§ WHAT NEEDS TO BE DONE: With the pictures left out, write out exactly the lines of the listing below that run from the line with "- The link layer" through the line with "Και βέβαια τρώει……".

[[ EXERCISE MATERIAL, beginning ]]

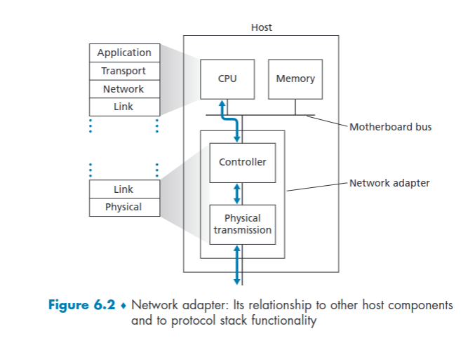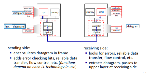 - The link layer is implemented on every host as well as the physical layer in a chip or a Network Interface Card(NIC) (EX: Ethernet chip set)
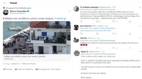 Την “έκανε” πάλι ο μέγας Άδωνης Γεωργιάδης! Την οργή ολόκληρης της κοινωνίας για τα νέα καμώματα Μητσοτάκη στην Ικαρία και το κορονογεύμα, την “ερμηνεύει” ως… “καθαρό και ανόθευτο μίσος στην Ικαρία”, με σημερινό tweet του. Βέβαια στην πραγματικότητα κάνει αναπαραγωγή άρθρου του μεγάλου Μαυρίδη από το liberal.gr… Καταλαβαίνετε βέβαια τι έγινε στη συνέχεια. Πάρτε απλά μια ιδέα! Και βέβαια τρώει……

[[ EXERCISE MATERIAL, end ]]
[[ EXERCISE MATERIAL, beginning ]]

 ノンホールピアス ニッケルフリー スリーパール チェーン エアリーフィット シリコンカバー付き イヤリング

[[ EXERCISE MATERIAL, end ]]
[[ EXERCISE MATERIAL, beginning ]]

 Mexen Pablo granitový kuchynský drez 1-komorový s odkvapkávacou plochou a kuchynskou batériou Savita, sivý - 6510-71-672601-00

[[ EXERCISE MATERIAL, end ]]

§ OUTPUT OF THE EXERCISE:
 - The link layer is implemented on every host as well as the physical layer in a chip or a Network Interface Card(NIC) (EX: Ethernet chip set)
 Την “έκανε” πάλι ο μέγας Άδωνης Γεωργιάδης! Την οργή ολόκληρης της κοινωνίας για τα νέα καμώματα Μητσοτάκη στην Ικαρία και το κορονογεύμα, την “ερμηνεύει” ως… “καθαρό και ανόθευτο μίσος στην Ικαρία”, με σημερινό tweet του. Βέβαια στην πραγματικότητα κάνει αναπαραγωγή άρθρου του μεγάλου Μαυρίδη από το liberal.gr… Καταλαβαίνετε βέβαια τι έγινε στη συνέχεια. Πάρτε απλά μια ιδέα! Και βέβαια τρώει……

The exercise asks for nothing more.